From these six sources can be gained a very accurate understanding of how Latin was pronounced in the days of Cicero and Caesar. It is not too much to claim that the system of pronunciation upon which scholars are now agreed, differs less from that of the Romans of the Augustan Age than does our modern pronunciation of English differ from that of Shakespeare and his contemporaries.

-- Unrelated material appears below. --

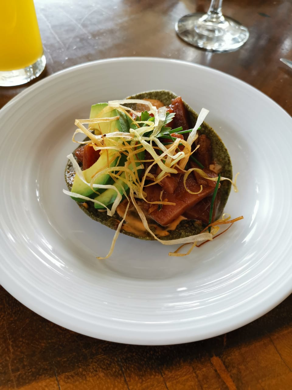 El primer plato fue una tostada de atún, hecha con maíz azul y servida con mayonesa de chipotle que contrasta con el sabor del pescado. Esta entrada es uno de los platillos favoritos y es excelente para abrir el apetito.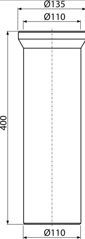 Сифон-фановая труба, насадка для унитаза ALCAPLAST A91-400, патрубок для унитаза ф110мм, L400мм, 400×135×135мм, 0.5899кг (Чехия)

[It is not always remembered that only very gradually was the true pronunciation of Latin lost in Europe. Scholars long retained the essential features of it, and by the fact of their constant intercourse long prevented the growth of local and national variations from the established method. Great teachers like Erasmus passed from country to country, lecturing in Latin at the universities of Italy, Germany, Holland, Trance, and England, teaching pupils of all nationalities, and being everywhere understood without any difficulty, for Latin was the lingua franca of the educated, and one general pronunciation of it prevailed. Even in England, it was only after that country's isolation, political and religious, in the sixteenth century, that an "English pronunciation" arose, and this was long protested against, e.g. by Cardinal Wolsey, by Milton, and as late as the last century by Ainsworth (1746) and Philipps (1750). For the Continental traditions, see Justus Lipsius in his Dialogus de Recta Pronunciatione Linguae Latinae; and Erasmus, De Recta Latini Graecique Sermonis Pronunciatione (Basic, 1528). In Scotland, the Continental sound of the vowels was long retained, on which see the incident imagined by Sir Walter Scott in his novel The Fortunes of Nigel, ch. ix.]